YOUR TASK
Repeat nothing but the lines below running from the one containing "女子向けラノベタイトル風あだ名 | 『男装たかくらの憂鬱な任務』 |" to the one containing "接着又去现场实地到生产装置区". Keep both end lines.

SOURCE RECORDS
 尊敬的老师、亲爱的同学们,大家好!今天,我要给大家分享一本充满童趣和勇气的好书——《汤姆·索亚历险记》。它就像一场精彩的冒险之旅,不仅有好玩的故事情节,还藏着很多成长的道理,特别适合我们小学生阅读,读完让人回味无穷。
...
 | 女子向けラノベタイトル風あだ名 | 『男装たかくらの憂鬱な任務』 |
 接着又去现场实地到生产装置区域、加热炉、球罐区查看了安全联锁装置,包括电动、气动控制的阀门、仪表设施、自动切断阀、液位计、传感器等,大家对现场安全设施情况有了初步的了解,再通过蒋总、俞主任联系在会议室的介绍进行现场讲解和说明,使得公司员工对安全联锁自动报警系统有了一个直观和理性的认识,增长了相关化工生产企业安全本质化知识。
--
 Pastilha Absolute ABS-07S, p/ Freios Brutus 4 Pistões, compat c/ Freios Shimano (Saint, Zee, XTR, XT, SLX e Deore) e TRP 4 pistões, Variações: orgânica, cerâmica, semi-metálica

YOUR RESPONSE
 | 女子向けラノベタイトル風あだ名 | 『男装たかくらの憂鬱な任務』 |
 接着又去现场实地到生产装置区域、加热炉、球罐区查看了安全联锁装置,包括电动、气动控制的阀门、仪表设施、自动切断阀、液位计、传感器等,大家对现场安全设施情况有了初步的了解,再通过蒋总、俞主任联系在会议室的介绍进行现场讲解和说明,使得公司员工对安全联锁自动报警系统有了一个直观和理性的认识,增长了相关化工生产企业安全本质化知识。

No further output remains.